Tim Conrad is looking to get ahead at his financial company, and so strikes up a potential deal with a wealthy Swiss businessman. As a result of his ingenuity, Tim's boss invites him to a special "dinner for winners" where he must bring a 'special' guest. However, Tim soon learns it is more of a "dinner for idiots" where the special guests will be mocked relentlessly. As he wonders who he could possibly bring, he literally runs into Barry Speck, an IRS employee and part-time mouse taxidermist. Chaos soon ensues as Tim tries to balance his relationship with a curator and the eccentric artist lusting after her, his stalker, his work colleagues and the special guest who's quickly entered his life...
Dinner for Schmucks. Certainly a less offensive title than the translation of the original French title, Le Dîner de cons (literally 'The Dinner of C***s' or 'The Dinner of Idiots') but definitely more marketable and poster friendly. I will not come here and say I've seen Le Dîner de cons and found it be a highly amusing charade. I will say that after seeing this, I'm more open to finding and watching the original French version because I can only hope that it contains more laughs than this version. There must have been a reason why they chose to remake this film, there must have been, because why on Earth would you choose to put millions of dollars into remaking a comedy with little to no laughs in it? I was, to say the least, disappointed. There may have been more laughs in this, but the extensive trailers and TV spots gave away some of the film's biggest laughs so there were only a handful of original laughs to be had.

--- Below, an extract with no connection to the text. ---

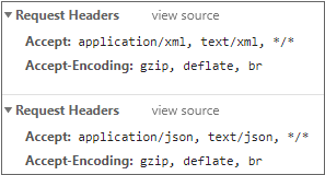 };통신 시 헤더 Accept 정보가 변경된 것을 확인할 수 있습니다.
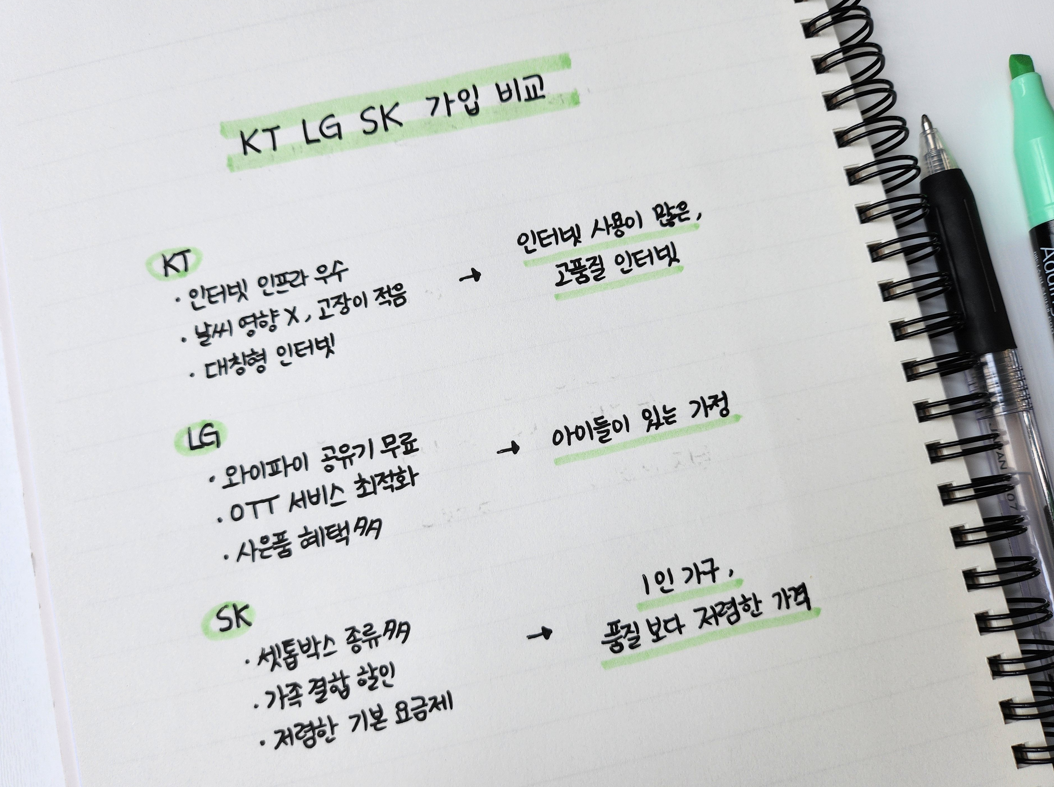 인터넷 3사 각각의 장단점 한눈에 파악하기!

In all honestly, I can only remember laughing twice. Admittedly, those two laughs were pretty hearty laughs, but in a film that's nearly two hours, that's wholly unacceptable. I didn't even laugh once for the first hour. When you spend 60 minutes not laughing at a supposed comedy film, you know you're in trouble. It's not physical enough to be a slapstick comedy. It's not stupid enough to be a screwball comedy. It's barely anything really, an hour and a half of relationship building and character intros to lead up to the aforementioned "dinner for winners". It's one of the best parts of the film, it's somewhat entertaining with a few laughs. I credit the dinner being funny due to the cameos: Jeff Dunham (Seen Achmed the Dead Terrorist? Him, the puppet guy!) appears as a man married to the ventriloquist's dummy attached to his arm and Chris O'Dowd (Seen The IT Crowd? Him, the Irish guy!) appears as a blind fencer. Dunham's good at what he does, as displayed in numerous YouTube videos, and O'Dowd plays a somewhat stupidly-premised role straight as an arrow.

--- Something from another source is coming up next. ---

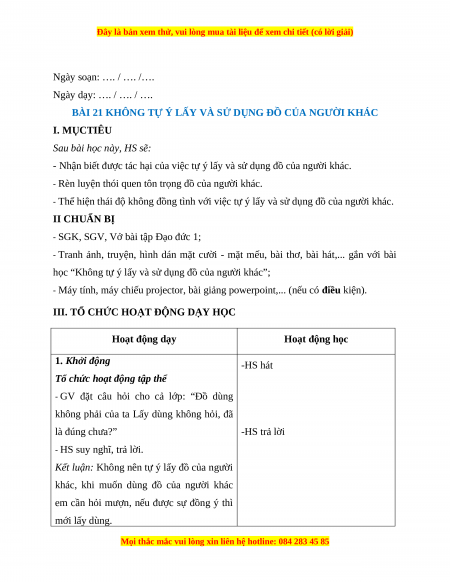 Giáo án Bài 21 Đạo đức 1 Kết nối tri thức: Không tự ý lấy và sửa dụng đồ của người khác

Paul Rudd is in autopilot here, playing pretty much the same guy he played in I Love You, Man and Role Models. Steve Carell plays an alternative version of Brick Tamland, less 'retarded' and more 'idiotic'. Likeable but not a classic character. Jemaine Clement (from Flight of the Conchords) plays an eccentric artist who is every pretentious artist stereotype from every comedy film from the last 30 years, though that's not to say he doesn't play it well, we've just seen it before. David Walliams makes a, frankly, baffling appearance as a wealthy Swiss businessman with an accent as dodgy as the tan he sports. Ron Livingstone is horribly misplaced as Tim's competitor to win the dinner. Zach Galifianakis plays the Zach Galifianakis role only stupider. Above it all though, I was impressed by one person. Lucy Punch. Name means nothing? She was Eve Draper in Hot Fuzz, Holly Ellenbogen from The Class and, most recently, Kate Bishop in BBC Two's comedy-drama Vexed. This is a bright young actress who's getting attention on both sides of the Atlantic and can certainly make it, she can turn from extremely British in Vexed to convincingly American in Dinner for Schmucks, and she turns in probably the most memorable performance of the film as Tim's stalker Darla. Yeah, it's the same stalker cliche we've seen films for years and years (a testament to the film's adamant unoriginality) but she still carries it off damn well.
To be honest, I don't really want to dwell on this film more than I already have, so here it is. Overall, it's just not funny. It has all the right people in it, but a dire script and lack of jokes severely lets it down. This'll be in the bargain bin before too long, it certainly won't live long in the memory, or at least I hope not on behalf of all the people who have and will see it. The only laugh you'll get from this is how laughably unfunny it is for a supposed comedy. I can only guess that the laughs were lost in translation.